══ Records to use

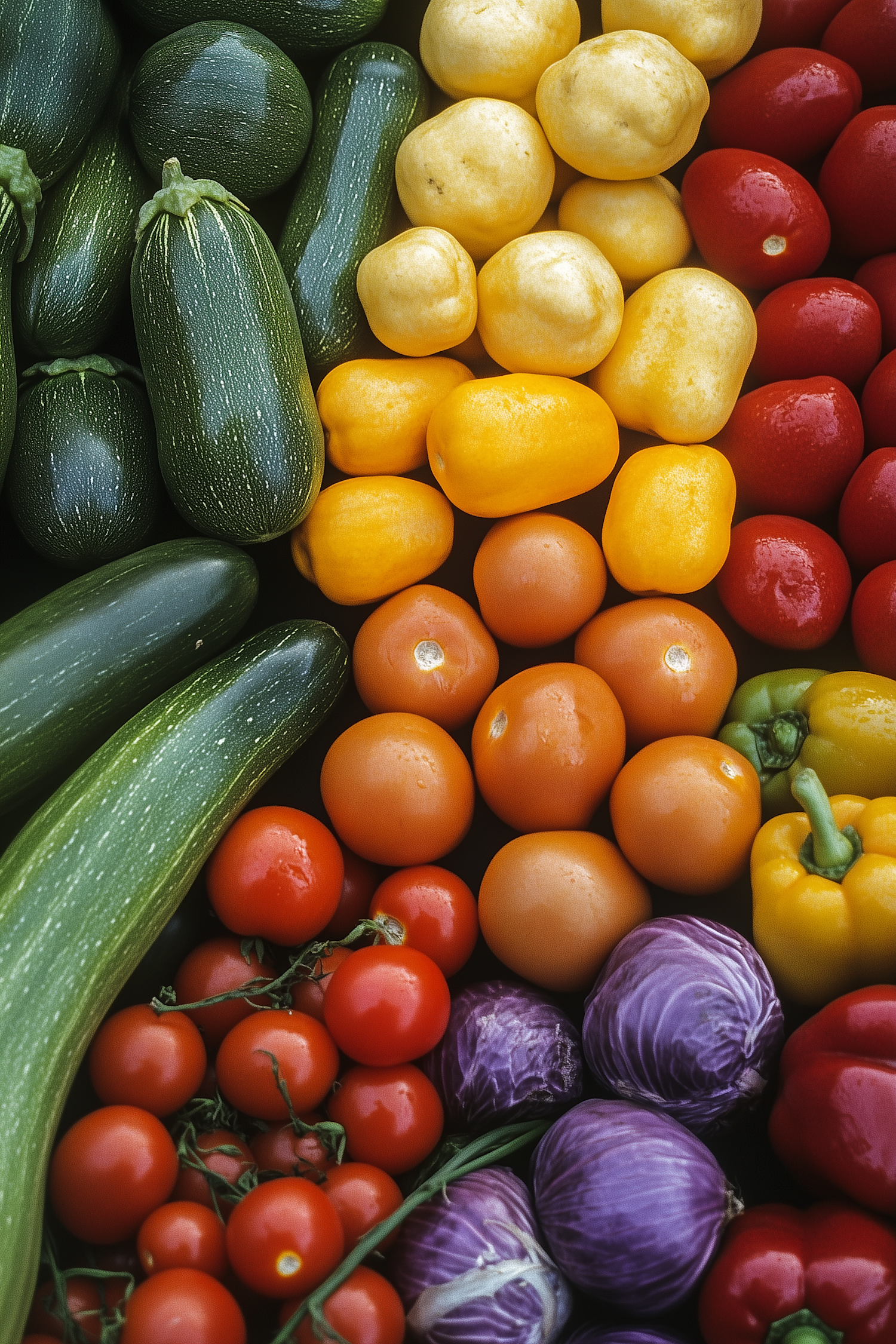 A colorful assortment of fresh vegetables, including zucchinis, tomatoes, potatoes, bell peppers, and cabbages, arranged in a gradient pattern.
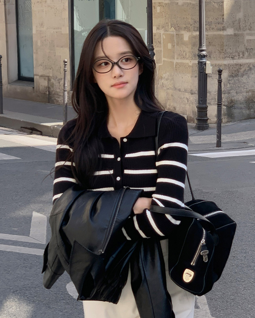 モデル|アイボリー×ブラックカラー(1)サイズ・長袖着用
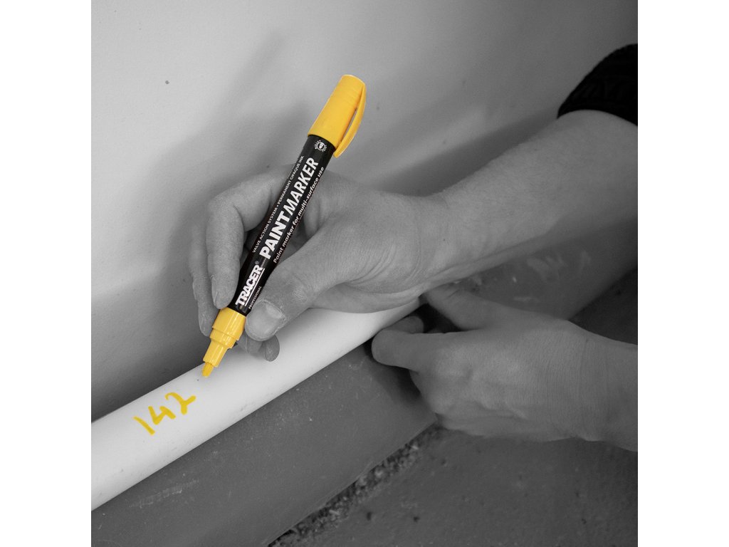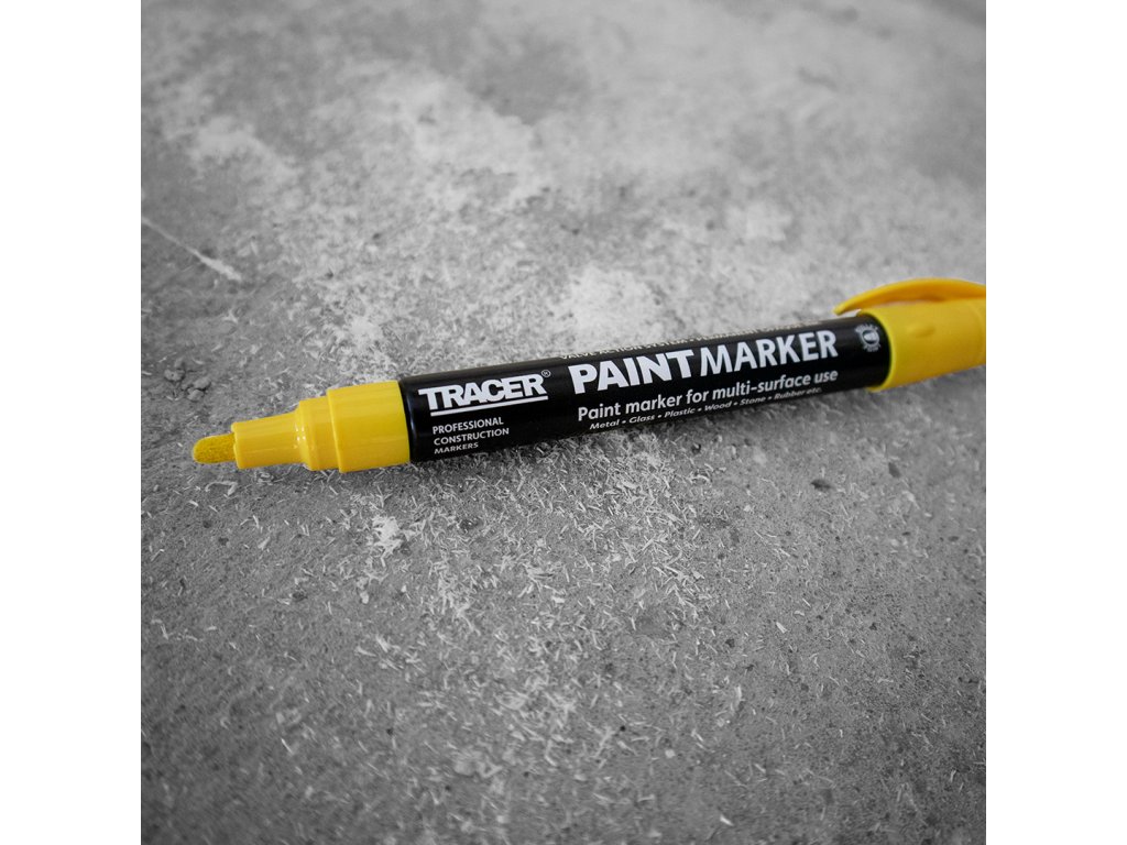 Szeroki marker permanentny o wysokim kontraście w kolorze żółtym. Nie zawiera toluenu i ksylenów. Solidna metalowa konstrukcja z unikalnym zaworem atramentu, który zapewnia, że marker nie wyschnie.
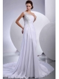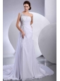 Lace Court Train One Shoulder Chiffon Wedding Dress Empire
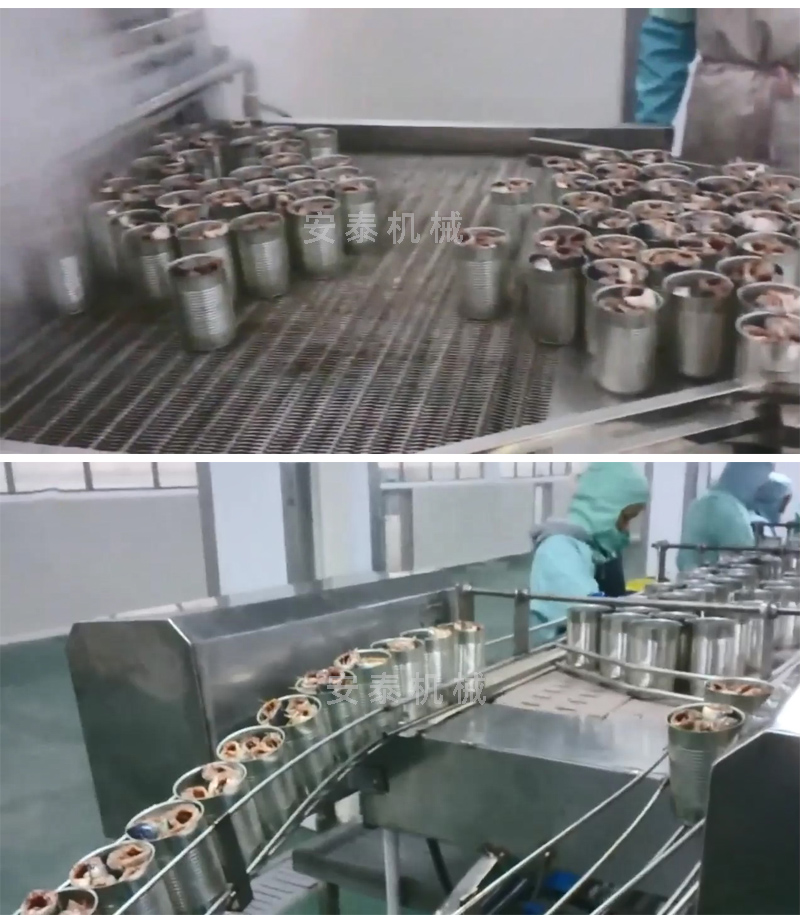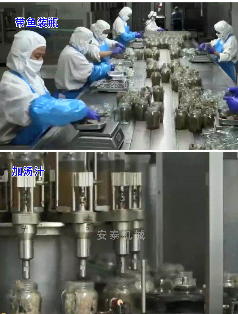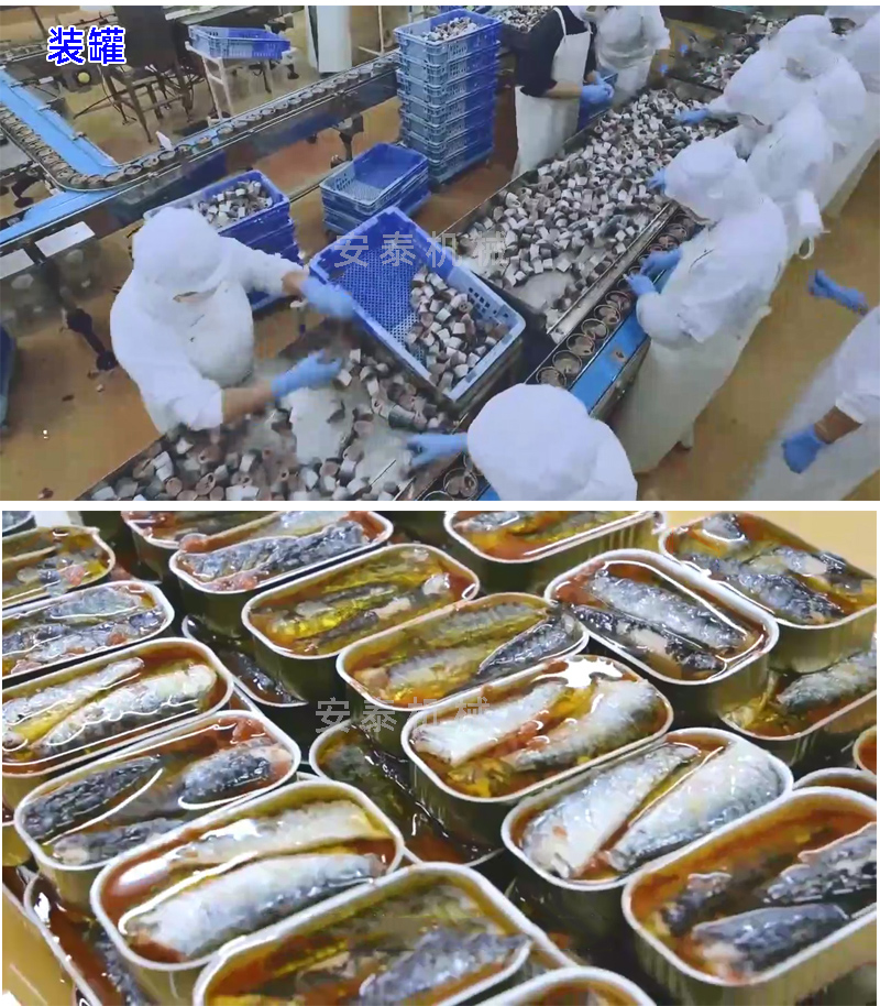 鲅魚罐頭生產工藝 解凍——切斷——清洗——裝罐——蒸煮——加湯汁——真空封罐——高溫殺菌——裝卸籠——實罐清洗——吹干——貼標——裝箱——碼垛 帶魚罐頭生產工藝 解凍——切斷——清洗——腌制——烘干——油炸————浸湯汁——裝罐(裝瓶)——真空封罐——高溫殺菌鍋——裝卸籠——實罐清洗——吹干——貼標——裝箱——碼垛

════

-- What you will do --
Take the lines from the one that contains "Lace Court Train" down to the last line of the listing above, both included, and set them down exactly, leaving out pictures.

-- Your response --
 Lace Court Train One Shoulder Chiffon Wedding Dress Empire
 鲅魚罐頭生產工藝 解凍——切斷——清洗——裝罐——蒸煮——加湯汁——真空封罐——高溫殺菌——裝卸籠——實罐清洗——吹干——貼標——裝箱——碼垛 帶魚罐頭生產工藝 解凍——切斷——清洗——腌制——烘干——油炸————浸湯汁——裝罐(裝瓶)——真空封罐——高溫殺菌鍋——裝卸籠——實罐清洗——吹干——貼標——裝箱——碼垛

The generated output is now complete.